Sin embargo, La Habana, que pudo ostentar desde 1959 el legítimo orgullo de ser, como ninguna otra capital de América lo había sido, la ciudad de todos, comenzaba también una dolorosa agonía. Todo hubo que vivirlo, aciertos y desaciertos, en estado de cerco económico. El pueblo habanero, como el cubano en su totalidad, es un pueblo herido; pero en tanto pueda reconocerse en una ciudad y en un país que le pertenece, no será un pueblo derrotado ni amargado. Siempre ha estado listo para los nuevos desafíos. Aun cuando lo que le pertenezca pueda ser caracterizado como una pobreza compartida, no se compara con el estado de desamparo que conocieron sus mayores, y lo sabe muy bien.

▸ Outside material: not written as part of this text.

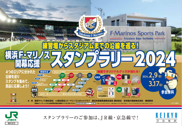 この度、横浜マリノス株式会社(代表取締役社長:中山昭宏)、一般社団法人 F・マリノススポー ツクラブ(代表理事:宮本功)、東日本旅客鉄道株式会社 横浜支社(執行役員横浜支社長:宮田久嗣)、京浜急行電鉄株式会社(取締役社長:川俣幸宏)、横須賀市(市長:上地克明)は、2024J リーグの開幕に先駆け、練習場からスタジアムまでの沿線を巡る!「横浜 F・マリノス開幕応援 スタンプラリー 2024」を開催します。

Por eso puede constatarse con facilidad que el principal tesoro de esta ciudad maravilla es su población. En términos de gente habría que consignar incluso que es maravilla por su capacidad para dar, más que por la disposición para recibir, sentido que explica de alguna manera lo “real maravilloso” que Alejo Carpentier nos descubrió en su obra literaria, tan decisiva para conocernos.

El principal tesoro de esta ciudad maravilla es su población. En términos de gente habría que consignar incluso que es maravilla por su capacidad para dar, más que por la disposición para recibir.

Se nos ha atribuido el carácter apasionado, pacífico, bromista, simpático, servicial, hospitalario, tranquilo, de todo lo cual hay en mezcla heteróclita. Aunque también se nos tilda de pícaros, habladores, buscavidas y “sabichosos”. Recuerdo de una conferencia de Antonio Núñez Jiménez la caracterización de “parejero”, es decir, esa necesidad de emparejarse al interlocutor, o sería mejor decir, a no permitir el “ninguneo” o el trato desigual. En una u otra medida admito que todo está en ese coctel que hace agradable y único al habanero, y diría al cubano en sentido general; porque dudo que en otra latitud haya un lugar en que el capitalino sea una síntesis más que en una Isla como la nuestra.  

Es sabido que en un mundo de tragedias cotidianas poco controlables, con urbes que rebasan el millón de pobladores, La Habana cuenta con un bajísimo índice comparativo de peligrosidad ciudadana, los niños pueden ir solos a la escuela y los jóvenes salir sin miedo de noche. Con el agudo sentido crítico que le es habitual, el periodista argentino Fernando Ravsberg comentaba en una nota reciente sobre la ciudad: “Vivo saltando charcos, esquivando baches, conteniendo la respiración al pasar por los desbordados tanques de basura, evito los edificios apuntalados, sufro la música de mis vecinos y padezco la tortuga de internet, pero aun así la sigo amando”.

La condición humana ha de constituir, definitivamente, un elemento esencial de lo que se valore, ahora y siempre. Por tanto, para asumirse como ciudad maravilla ante el mundo, es necesario, en primer lugar, serlo para sus pobladores, con sus pobladores y por sus pobladores. Es algo que tiene que ver, sobre todo, con la ciudad que estemos dispuestos y responsabilizados en llegar a ser, más que con la que hoy podamos considerarnos.